Centers II: Zizek, Aurelius, Hawking

I recently recalled the introductory monologue from the documentary film Zizek! In it the eponymous philosopher and social critic takes a stab at his theory of the universe, arriving swiftly and entertainingly at “love is evil.” The contrarian path he takes to that end is his trademark, and I wanted to put it up to have it pitched against my conclusion on centrality… with Zizek the pessimist, and Ivan the optimist. Both agree that the known universe is unfathomably large, mostly empty, and matter is accidental….

Admittedly, I prefer to wield love as a weapon against nihilistic attitudes. Doesn’t “assuming the mistake,” as Zizek says, also assume opening the door onto moral inclusiveness? I cannot first claim that existence is indeed pointless, and immediately thereafter attempt to separate myself from the same concept by calling it evil. To call it good, on the other hand, agrees with my initial motion to assimilate universal pointlessness, as both of those gestures are inward. Historically it has been more successful to be a giver to others (on any level: civil rights, activism, friendship, collaborative endeavors like building and diplomacy). That is what will make our momentary lives more pleasant, and it actually requires more responsibility and strength than nihilism and constant denial of purpose. I want to believe that my ability to love things— to pick an object out of the infinite universe, to assign it disproportional importance (perhaps a very violent act), and sacrifice an objective point of view— is one of the best things about being human, and will be one of the biggest losses when I die. And while this may seem to be a romantic and intoxicated philosophy, consider Marcus Aurelius, who numerously repeats in his Meditations that life is short, there is no past or future, and that you must exercise your most human faculties while you are able:

Remember that man lives only in the present, in this fleeting instant; all the rest of his life is either past and gone, or not yet revealed. [III. 10.]

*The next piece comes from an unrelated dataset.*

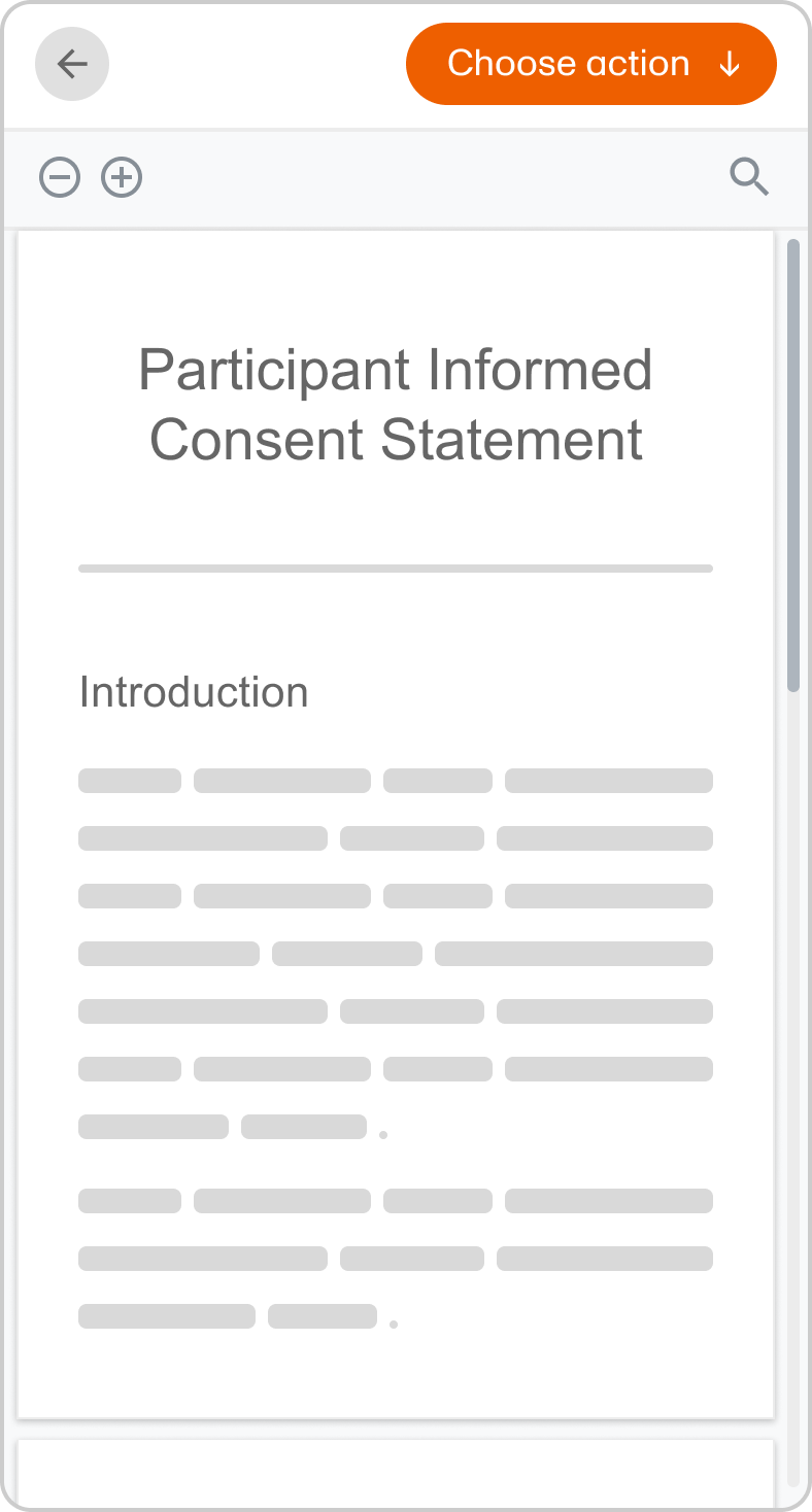 1. The first screen in the consent application displays your documents. This study requires you to sign only one consent document. Click on the document name to open the document.

The universe is flux; life is opinion. [IV. 3.]

Do not then consider life a thing of any value. For look at the immensity of time behind thee, and to the time which is before thee, another boundless space. In this infinity then what is the difference between him who lives three days and him who lives three generations? [IV. 50.]

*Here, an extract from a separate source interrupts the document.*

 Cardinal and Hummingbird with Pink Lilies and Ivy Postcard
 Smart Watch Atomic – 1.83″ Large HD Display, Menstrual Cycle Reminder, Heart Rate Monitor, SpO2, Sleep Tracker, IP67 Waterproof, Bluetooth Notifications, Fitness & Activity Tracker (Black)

Bust of Marcus Aurelius. Sculptor unknown. Image credit Bibi Saint-Pol, via Wikimedia Commons, released into public domain.

I think the Stoics got it right. Start with “there is nothing,” but end with “don’t be an asshole.”

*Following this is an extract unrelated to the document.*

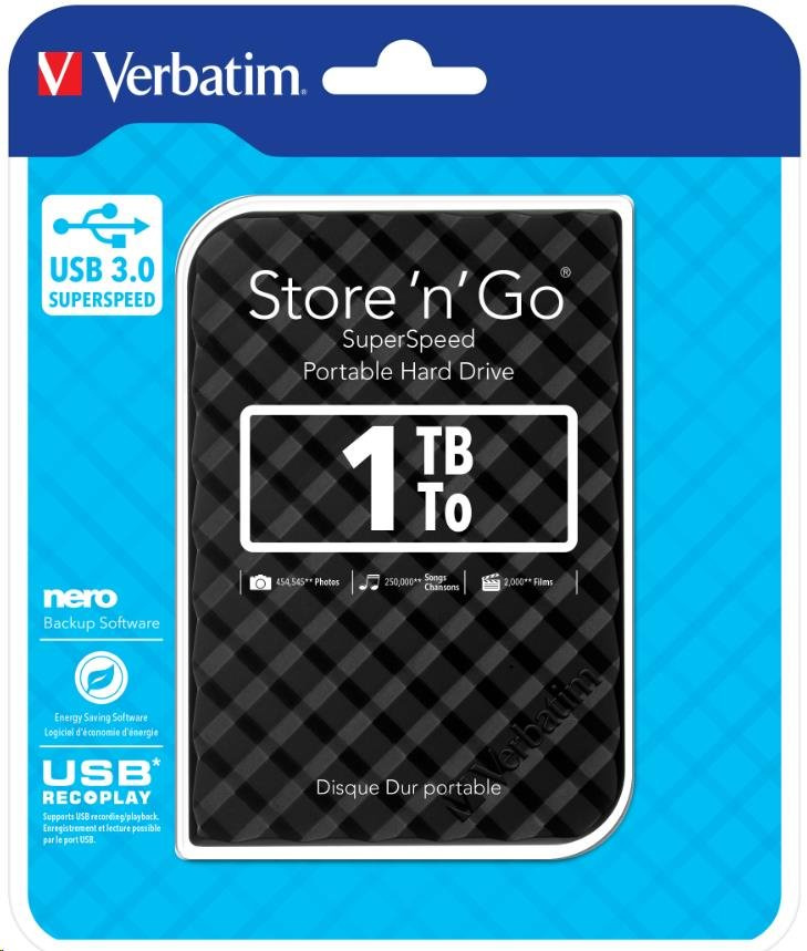 VERBATIM HDD 2.5" 1TB Store 'n' Go Portable Hard Drive USB 3.0, Black Special Features: Colours available: Black, Silver, White, Red & Blue Capacities available: 500GB, 1TB & 2TB High speed, high capacity storage. A fast & safe solution to expand storage or backup files USB 3.0 SuperSpeed - for ultra fast data transfer Nero Backup Software Energy Saving Software USB REC & PLAY* - supports USB recording/ playback 2 year limited warranty** System requirements: PC or Mac with USB 3.0 Windows XP / Vista / Windows 7 & 8 Mac OS X 10.4 or higher Pack Contents: Portable Hard Drive / USB 3.0 Cable / Nero Backup Software / Green Button Energy Saving Software / Verbatim Formatter / Quick Start Guide / User Guide (pre-loaded on the drive).

Not surprisingly, physicists and theologians have debated their own version of this– in a classically nerdy way– with the advent of the anthropic principle (since the 1960s). The principle looks at the conditions & probability of intelligent life developing to our level– our observations and calculations are getting large enough to entertain that ultra-slim probability. It is one of the contemporary battlegrounds of science vs. religion, once cosmologists suddenly found themselves wading in divine territory. The theory kind of lets us have our cake and eat it too. One the one hand, we are miniscule, arbitrary points in an enormous evolutionary narrative, but on the other we are unique because only in our state are we able to observe and question the nature of the universe…. Stephen Hawking’s approach is most humbling, because it isn’t exclusionist. He supports an idea that is associated with those who are traditionally his moral enemies and doesn’t take sides, on the basic premise that he cannot claim to know everything. His description of it in Chapter 8 of A Brief History Of Time is worth reading.

Stephen Hawking introduces the public to the Corpus Clock, at the Taylor Library, Corpus Christi CollegeCambridge. Image credit Flickr user rubberpaw, via Wikimedia Commons, license CC BY-SA 2.0.

“While other universes expand too quickly (top) or close before life can evolve (bottom three), our universe (second from the top) seems perfectly poised to support life.”

Stephen Hawking

Wielding love like Ivan the optimist and Marcus Aurelius the stoic, Hawking is generously inclusive in his worldview, which gives him the upper hand in a universe that keeps revealing new centers to him.

By the.vonz.himanen

Ivan Himanen is an architect, urbanist, and researcher based in New York City.